Written By Adrienne Dunn

The United States Supreme Court’s ruling in the Brown v. Board of Education (1954) declared racial segregation in public schools unconstitutional. Following the Brown ruling, North Carolina enacted legislation that undermined the Supreme Court ruling.

In August 1954 and in response to the Brown decision, Governor William B. Umstead created a “Governor’s Special Advisory Committee on Education,” with Thomas Pearsall, a prominent Rocky Mount farmer and businessman and former North Carolina Speaker of the House, as chairman.  Along with Pearsall, the advisory committee included twelve whites and three blacks. The Committee concluded that integration in the public schools could not be accomplished nor should it be attempted.
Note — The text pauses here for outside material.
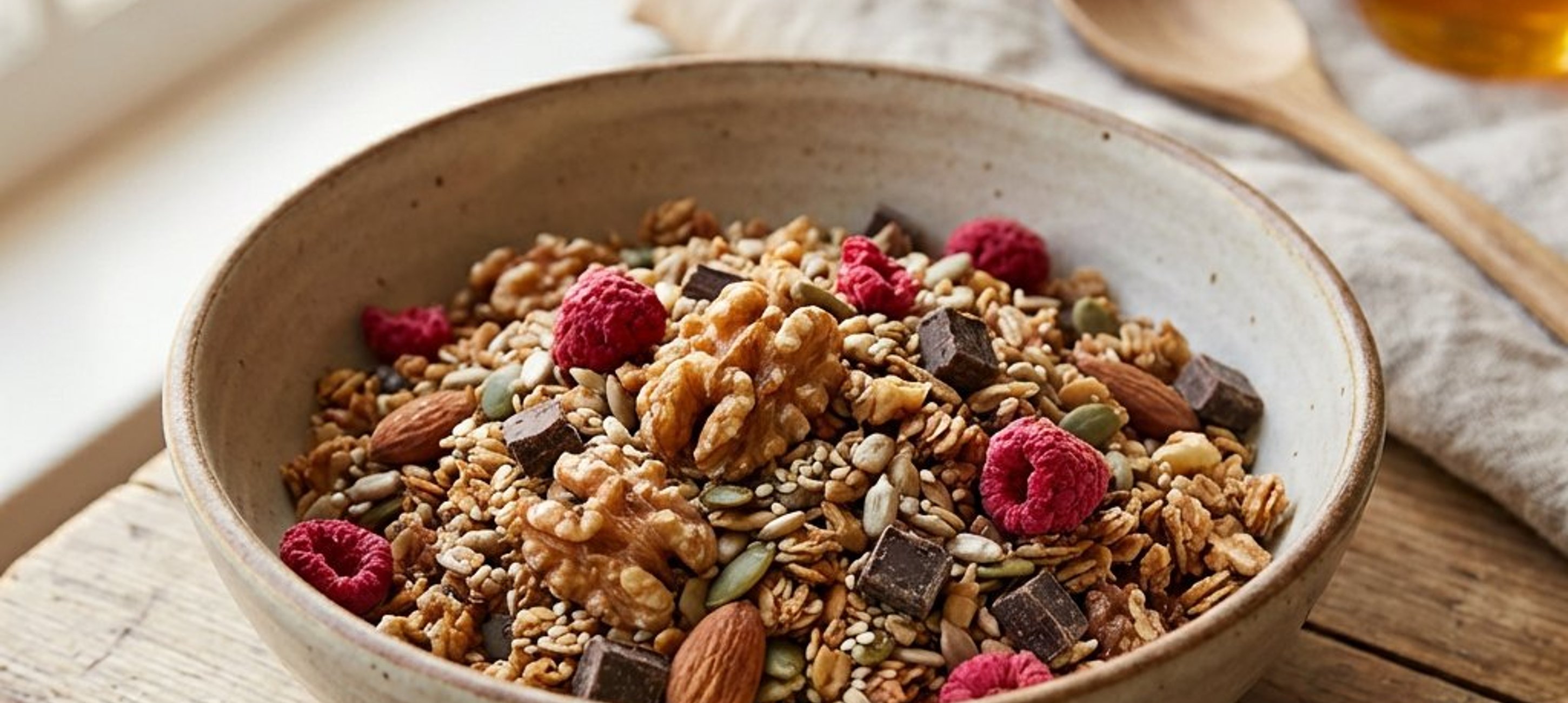 Servieren Sie die fertige Granola am besten mit frischem Naturjoghurt oder cremigem Topfen für ein proteinreiches Frühstück.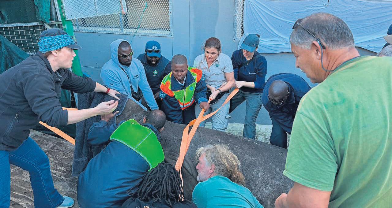 Once given the go-ahead by the vets, the animal was carefully rolled onto a stretcher and with a combination of many hands and a well-coordinated effort the almost 1,2 ton animal was carefully and quickly loaded into the trailer without a hitch The animal's welfare was checked by the vets before travelling to the selected release site at the Steenbras Nature

Trying to delay desegregation, the committee proposed giving local districts control over the assignment of students to particular schools. As a consequence, in the spring of 1955, the General Assembly enacted the Pupil Assignment Act.  It used race-neutral criteria to block options for blacks to transfer to white schools.

After Governor Umstead’s untimely death, Governor Luther H. Hodges continued to stall desegregation. Governor Hodges created a new committee that became known as the Pearsall Committee. Chaired by Pearsall, the seven-member committee included no African Americans. At the conclusion of several meetings, conferences, and hearings, the committee recommended a state constitutional amendment that empowered the General Assembly to enact legislation circumventing integration. The legislation proposed by the committee, which became the Pearsall Plan, amended the Compulsory School Attendance Law so that students might be excused from attending an integrated public school. The Plan also recommended that the state consider special applications requesting state to pay private school tuition grants to parents whose children were assigned to the integrated public schools.

During a special session of the General Assembly in July 1956, legislators adopted the Pearsall Plan with only two dissenting votes. But it needed public approval for the bill to become law.  Many African American leaders and some whites argued that the Pearsall Plan violated Brown, and others criticized the Plan because they claimed it threatened public schools by relinquishing power to local school boards. In the end, North Carolinians voted five to one to uphold racial segregation in the state’s public schools.

Although the 1964 Federal Civil Rights Act, which contained a provision prohibiting discrimination in public education, declared the Pearsall Plan unconstitutional in 1966, token integration and residential segregation allowed the Pearsall Plan to continue.  Finally, the case of Godwin v. Johnston County Board of Education (1969) ruled the Pearsall Plan unconstitutional.